Re: [Pyparsing] Order problem in binary operation withoperationPrecedence()
Brought to you by:
ptmcg
From: Paul M. <pt...@au...> - 2009-07-09 14:41:37
|
Gustavo - The first issue you have is your definition of identifier0, which you define using the Unicode regex "\w", but which cannot start with a numeric digit. Unfortunately, there are a lot more numeric digits in Unicode than just "0" through "9" - over 300 of them! Here is how I replaced your identifier0 expression, and got your code to at least start working: unidigit = Regex(u"[" + "".join(unichr(c) for c in xrange(0x10000) if unichr(c).isdigit()) + "]", re.UNICODE) identifier0 = Combine(~unidigit + Regex("[\w]+", re.UNICODE)) Some other comments: 1. eq = CaselessLiteral("==") ne = CaselessLiteral("!=") lt = CaselessLiteral("<") gt = CaselessLiteral(">") le = CaselessLiteral("<=") ge = CaselessLiteral(">=") Why are these not just plain Literal's? Making them caseless just makes pyparsing do extra work trying to match upper or lower case "==". 2. relationals = eq ^ ne ^ lt ^ gt ^ le ^ ge '^' can be relatively expensive for pyparsing if there are many alternatives, since all alternatives will be checked. This version is equivalent: relationals = eq | ne | le | ge | lt | gt (I *did* have to be careful about the order, having to check for "<=" before "<", and ">=" before ">".) 3. not_ = Suppress("~") and_ = Suppress("&") in_or = Suppress("|") ex_or = Suppress("^") Do you really want to suppress these operators?

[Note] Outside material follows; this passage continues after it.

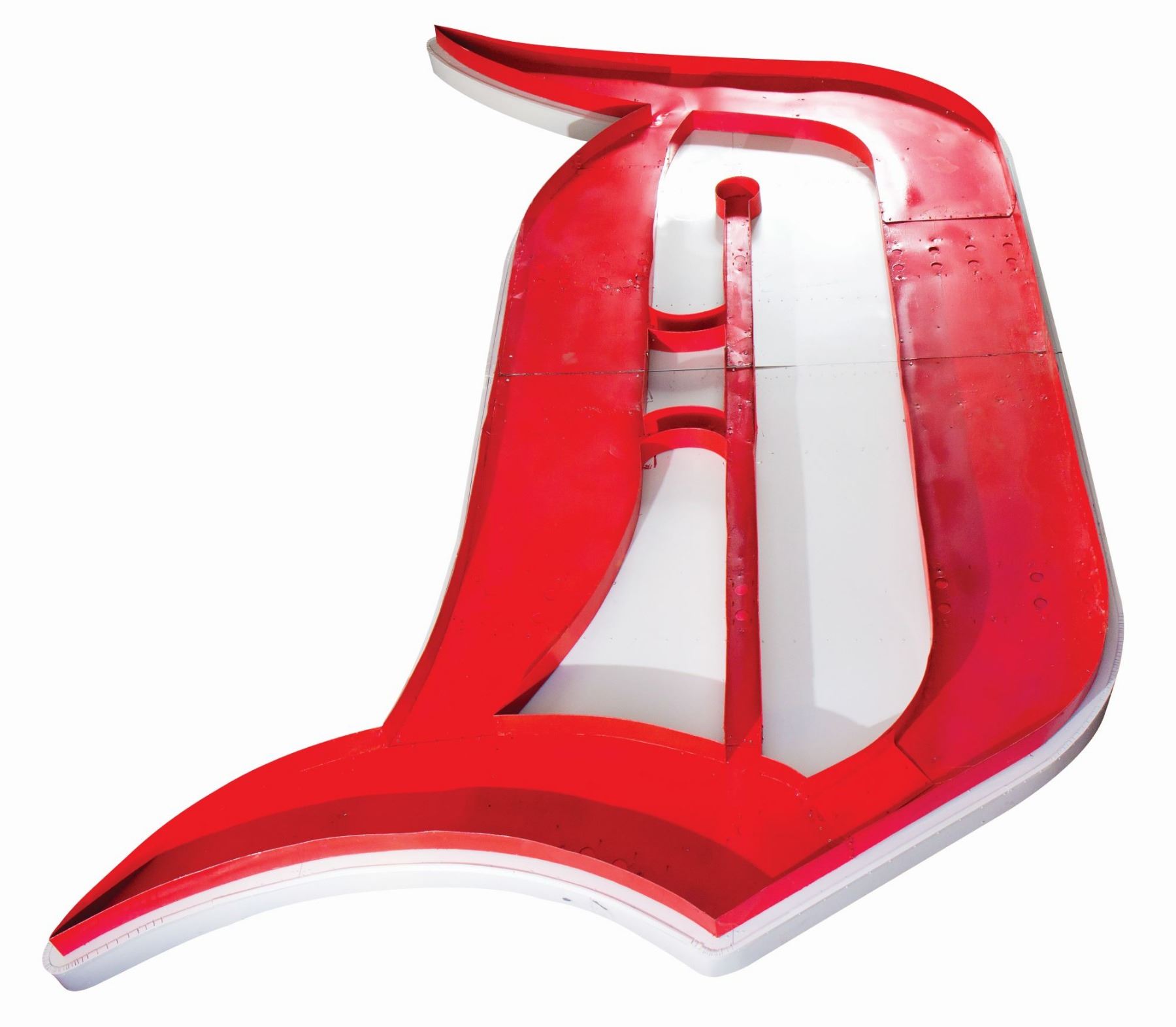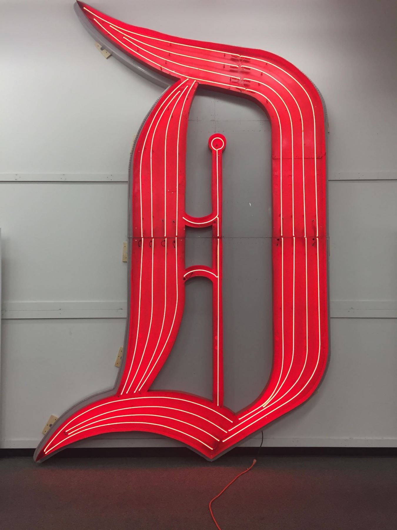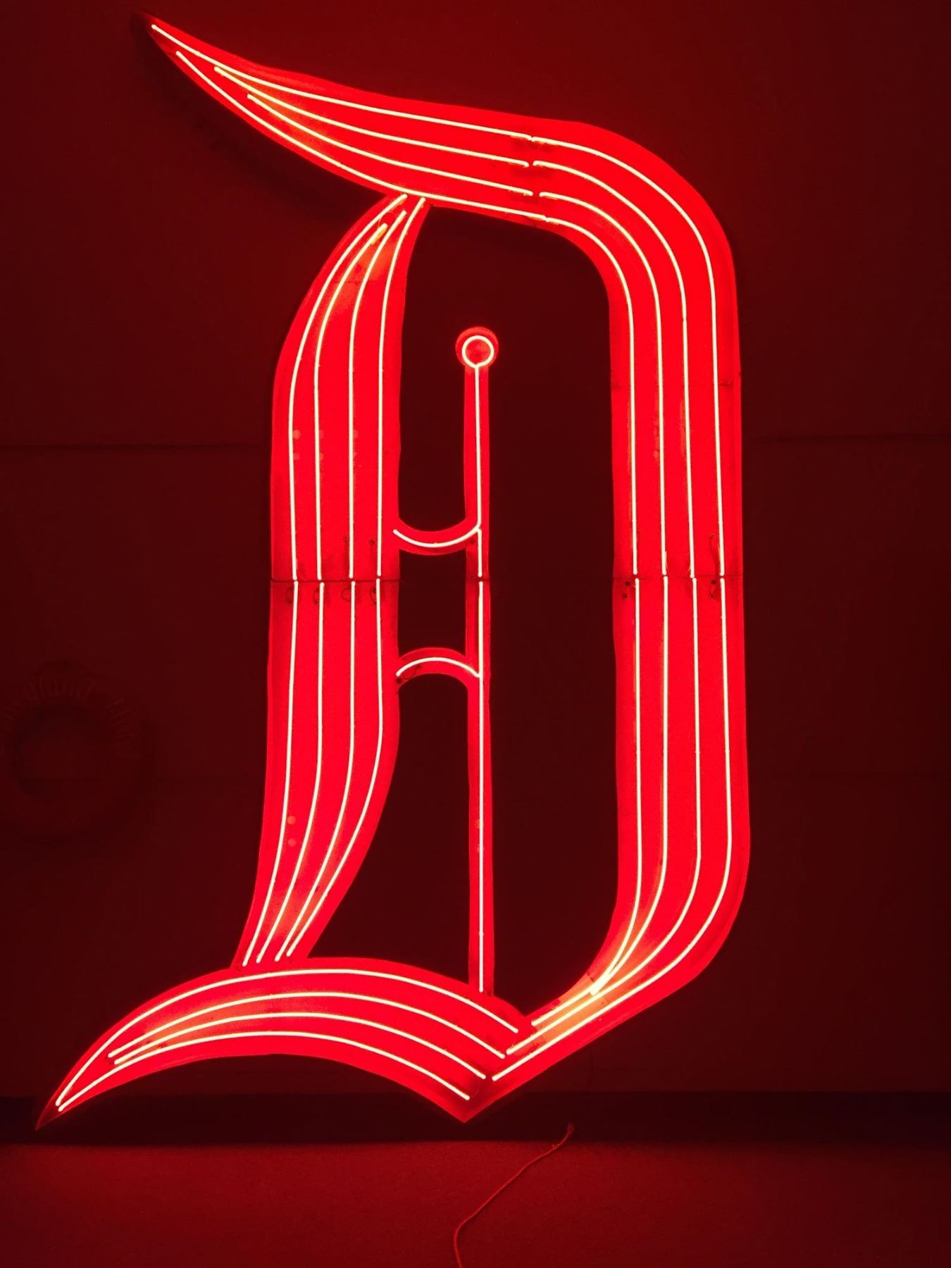 (Disneyland, 1963) An incredible neon "D" which was prominently displayed over the Disneyland Hotel's "Tower Building" which would later be renamed the "Sierra" tower. From 1963 until 1999, this large neon "D" was displayed over the Disneyland Hotel and was visible by countless Disneyland guests as they exited the park at night. The Tower Building was constructed in 1962, and the "Disneyland Hotel" red neon letters were added in 1963. The Tower Building featured a glass elevator on the exterior that caused spacing issues for the neon sign. As such, this sign read "Hotel Disneyland" until the building expanded in 1966 and the words could be arranged to the correct "Disneyland Hotel" position. This neon "D" is one of the most iconic elements from the golden age of the Disneyland Hotel, and also serves as an early Disneyland landmark. This neon letter is constructed in its original metal frame, and has had its red neon professionally restored to working condition. This incredible artifact measures approximately 16ft tall, 9ft wide, and 4in deep. The condition is very good, with some expected wear to the frame during the sign's removal from the hotel. Special shipping arrangements will apply. Please inquire before bidding.
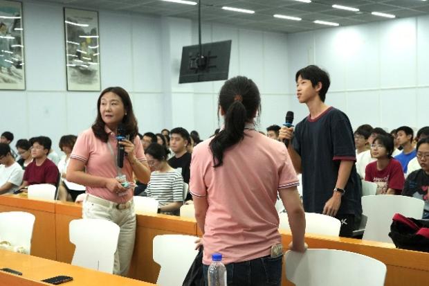 伴着现场高涨的热情,宣讲会上进行趣味问答互动与现场抽奖环节,同学们认真聆听、踊跃提问。吴迪老师与崔亚晓老师共同呼吁,青年学子应成为无偿献血的重要力量,既做爱心践行者,也做科学传播者,普及献血知识、带动更多人参与。

Without them, you will have a dickens of a time evaluating the parsed expression. These should probably be Literal's, too. 4. The parsed results show an empty [] before every identifier, I think this is to represent the empty leading namespace for each. You might want to try this for identifier: identifier = Combine(namespace.setResultsName("namespace_parts") + identifier0.setResultsName("identifier")) Combine will return the match as a single string, but you can still access the individual parts of the identifier by their results names if you need to. (Combine will also ensure that you match only contiguous characters as an identifier.) Looks interesting, keep us posted. -- Paul |